Zatrzymałem się tuż przy krzakach. Nie słyszałem żadnych „podejrzanych” dźwięków, rozchyliłem więc gałęzie. Mężczyzny nigdzie nie zauważyłem. Moim oczom ukazał się natomiast nieduży, blaszany barak. Farba odchodziła od niego płatami. Okna były popękane i zasłonięte kawałkami tektury. Drzwi były lekko uchylone. „Jakby czekały na mnie – pomyślałem”. Niewiele się zastanawiając podszedłem do nich najciszej jak potrafiłem. Wstrzymałem oddech. Nasłuchiwałem. Żaden odgłos nie dobiegał z baraku. Kucnąłem i zajrzałem ostrożnie do środka. Panował w nim półmrok. Cienie rozpraszały nieliczne promienie światła wpadające przez dziury i szpary w dachu. Wyglądało na to, że nikogo nie ma w środku. Nachyliłem się jeszcze bardziej, żeby lepiej się przyjrzeć wnętrzu...

czwartek, 15 lutego 2007

Czy to się zdarzyło??, część 3

Nie powiedziałem nic więcej. Pokazałem mu ręką gdzie ma patrzeć. „Mój Boże – jęknął”. Kupy ubrań, które wcześniej mijaliśmy, a które leżały sobie spokojnie wśród trawy, postanowiły chyba się trochę poruszać. Przejęty grozą patrzyłem jak powoli podnoszą się z ziemi. Okazało się, że to nie były same szmaty. To byli ludzie... A przynajmniej byli nimi kiedyś... W najgorszych koszmarach nie widziałem takich rzeczy. Czułem się jakbym miał zaraz oszaleć. O czymś takim czytało się w tylko książkach albo oglądało na filmach. „Nie, to nie może być prawda. – powtarzałem sobie w myślach jak mantrę, która miała mi pomóc”. Teraz już wszyscy spoglądaliśmy oniemiali na to widowisko grozy.
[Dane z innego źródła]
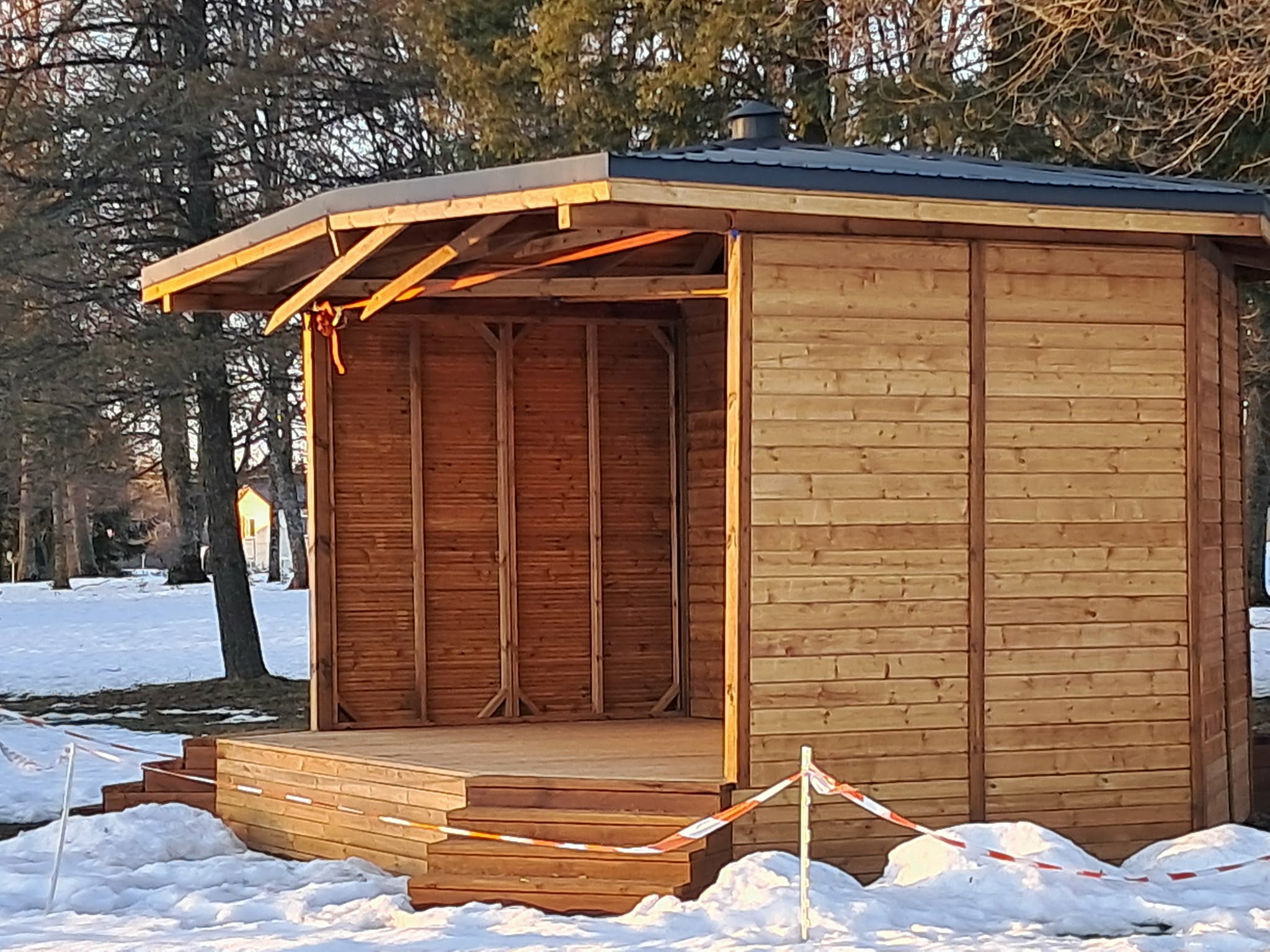 Gausaus sniego šiemet neatlaikė Adomynės dvaro parke iš projektinių lėšų pastatyta pavėsinė – išsiklaipė stogas. Ši žiema visiems didelis išbandymas, bet gyventojams kilo klausimų, ar vien gamtos sąlygos kaltos, kad neatlaiko naujo pastato konstrukcijos.
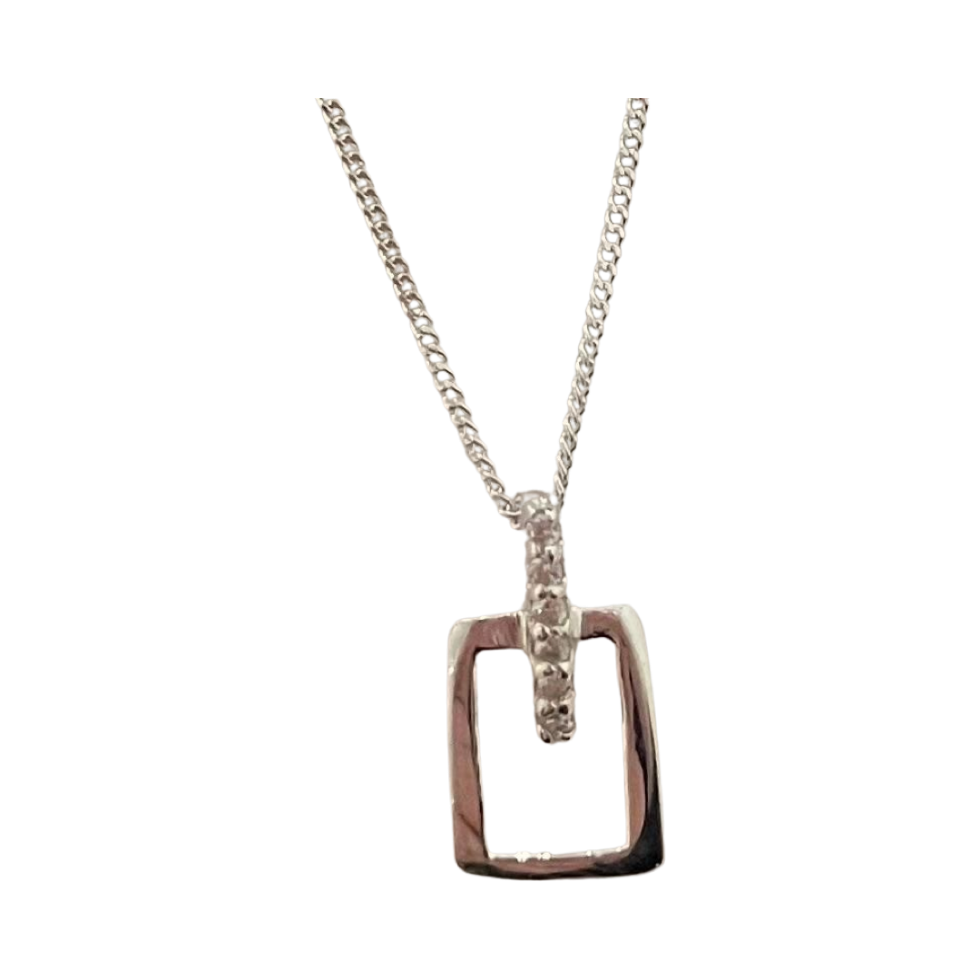 Silver, Cut out SQ Pendant with line of 6xCZ including chain
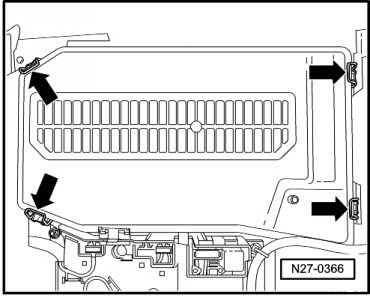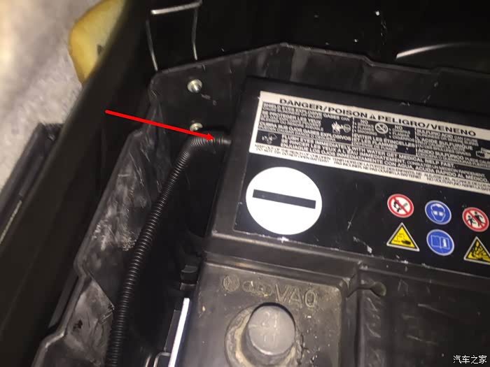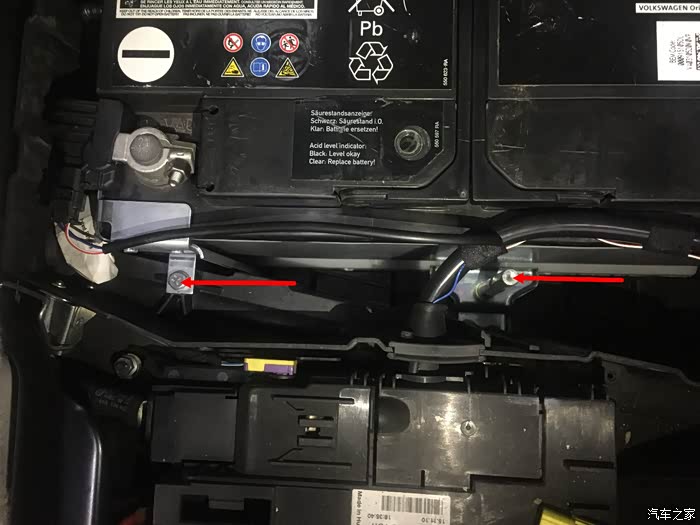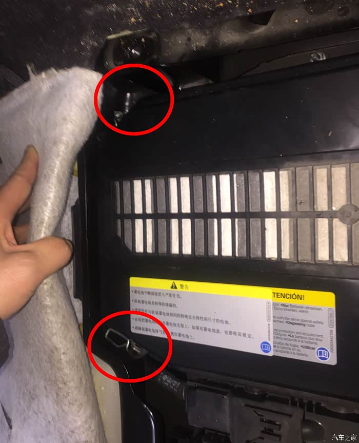 电瓶盖板被箭头所指的4个卡扣固定。这4个卡扣看着简单,但是其中有两三个真的很难打开,空间太有限了。用随车带的一字螺丝刀能凑合着翘一下。德国工程师四方脑袋怎么想的?

Na to dans macabre...


W naszym kierunku szły żywe trupy. Nie dało się ich inaczej nazwać. Razem z podartymi fragmentami ubrań zwisały z nich strzępy czarnego, zgniłego mięsa i skóry. Kończyny były nienaturalnie powykręcane w stawach, co powodowało, że ich powolny marsz był groteskową parodią ludzkiego chodu. Twarze ich, o ile można je było nazwać twarzami, były upiornymi maskami. Skurczona skóra odsłaniała przegniłe dziąsła i poważne ubytki w uzębieniu. Niektórym brakowało nosów, innym oczu albo uszu. W ich miejscach ziały czarne dziury. Trupy szły w zupełnym milczeniu. Towarzyszył im wyłącznie szelest trawy i okropny smród. Były coraz bliżej, a my staliśmy jak zamurowani, niezdolni do najmniejszego ruchu.
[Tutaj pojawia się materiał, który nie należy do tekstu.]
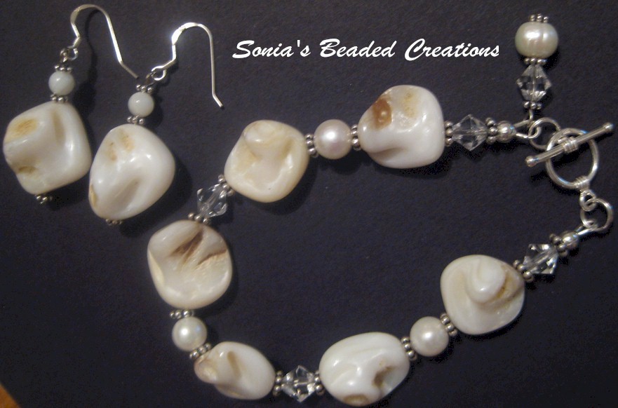 74 - Shell beads and stones with sterling silver accents. (Bracelet - Length 8" and Earrings)
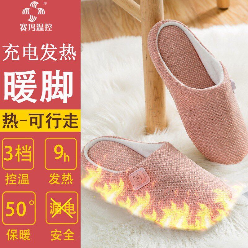 冬新款暖脚加热拖鞋日式家居充电发热保暖鞋防滑棉拖鞋电暖鞋
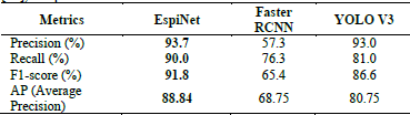 Table 2: EspiNet model against Faster-RCNN (VGG16 based) [49] and YOLO V3 [54], comparative results - Results on UMD dataset.
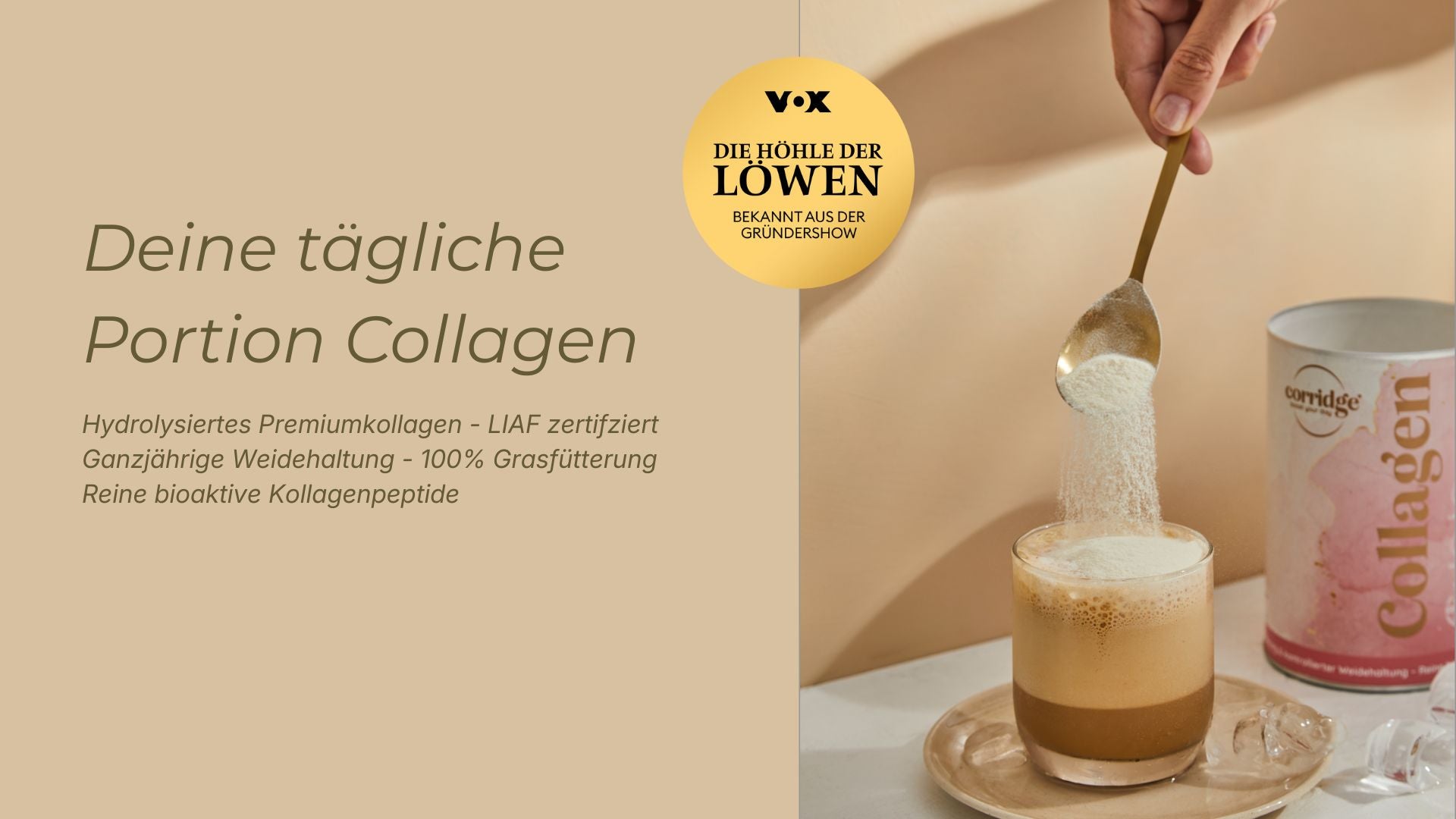 Corridge vereint Kollagen und Porridge in einem glutenfreien Frühstück, das sich leicht in deine tägliche Routine integrieren lässt. Mit 10 g Kollagenpeptiden pro Portion und allen essentiellen Aminosäuren, natürlich im Geschmack und schnell zubereitet.
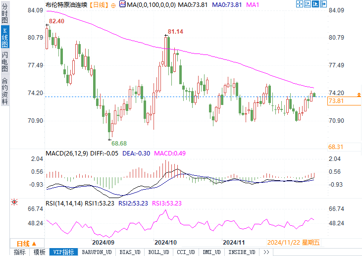 根据上周数据显示,美国初请失业金人数上升至24.2万,高于市场预期,表明全球最大石油消费国的经济增长可能放缓。此外,投资者担忧2025年经济政策变化可能影响石油需求,尤其是新一届美国政府政策可能带来的通胀风险。
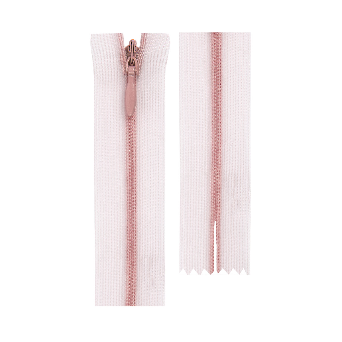 Неразъемная молния. Потайная молния спираль на сетчатой тесьме применяется в пошиве изделий так же, как обычная потайная молния.¶Главное её достоинство – более тонкая и незаметная тесьма, сотканная из
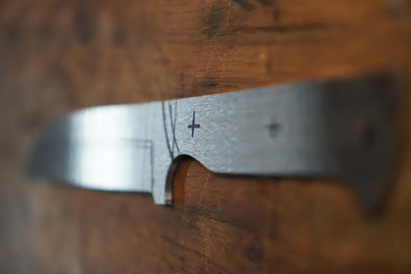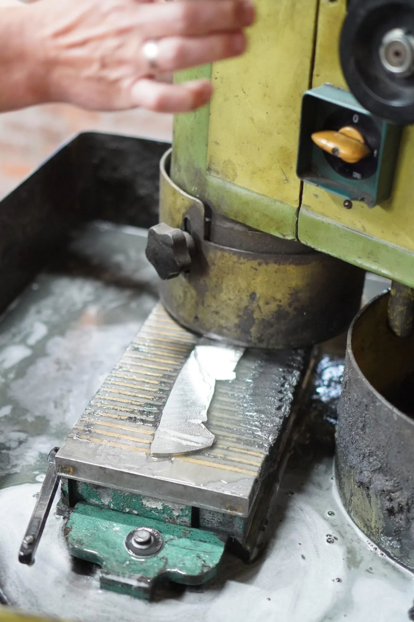 Während dieser recht intensieve Tag verwandeln wir die geschmiedete Damast-Platine in ein Messer. Zuerst übertragen wir die Form der Klinge auf die Platine und sägen und schleifen die Klingengeometrie grob vor. Dann wird der Klingenrohling mittels Topfschleifmaschine perfekt flach geschliffen. und auf die exakt gewünschte Dicke gebracht. Wir verwenden moderne Messerschleifmaschinen, um das Messer zu formen und die Klinge zu schärfen. Das richtige Finish erhält das Messer von Hand durch Feilen und Schleifen. Nachdem die Löcher für die Griffbefestigung gebohrt wurden, führen wir eine optimale Wärmebehandlung des Stahls durch. Nach dem Härten und Abschrecken in speziellem Härteöl lassen wir den Stahl an, um neben einer hohen Härte auch eine ausreichende Zähigkeit der Klinge zu erreichen. Die Klinge wird dann geätzt, wodurch das einzigartige Damastmuster sichtbar wird.
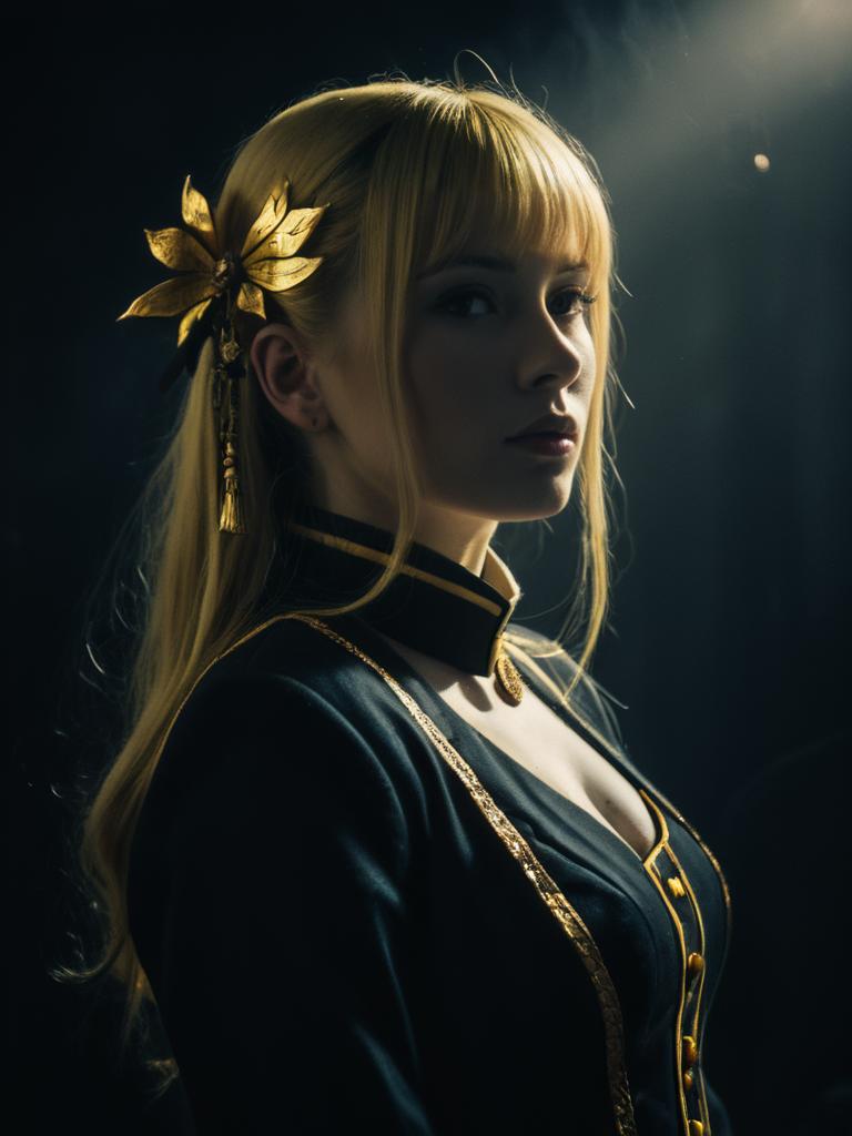 Sexy cosplay woman character wearing Shinobu Oshino costume. Realistic photo. Jane Doe dressed as Shinobu Oshino --sref 1391

Pierwszy otrząsnął się Bóbr. I być może tylko dzięki temu przeżyliśmy... Wciągnął nas gwałtownie do środka. Bolesny kontakt z podłogą podziałał lepiej niż zimny prysznic. Otrząsnęliśmy się natychmiast. Pomogliśmy mu zamknąć drzwi. I oparliśmy się o nie. W tym momencie zdałem sobie sprawę, że jedyną osobą, która nie wyglądała na zbytnio przejętą całą sytuacją jest nasz niedawny przewodnik. Stał naprzeciwko i przyglądał się nam ze spokojem. Nie byłem pewien ale chyba widziałem błąkający się po jego ustach cień ironicznego uśmiechu. Nic nie mówiąc wyciągnął papierosa i zapalił. Zaciągnął się głęboko dymem, po czym wypuścił go bardzo wolno. Patrzyłem na niego trochę jak zahipnotyzowany. Dopiero głośne i mocne uderzenie w drzwi wyrwało mnie z tego odrętwienia.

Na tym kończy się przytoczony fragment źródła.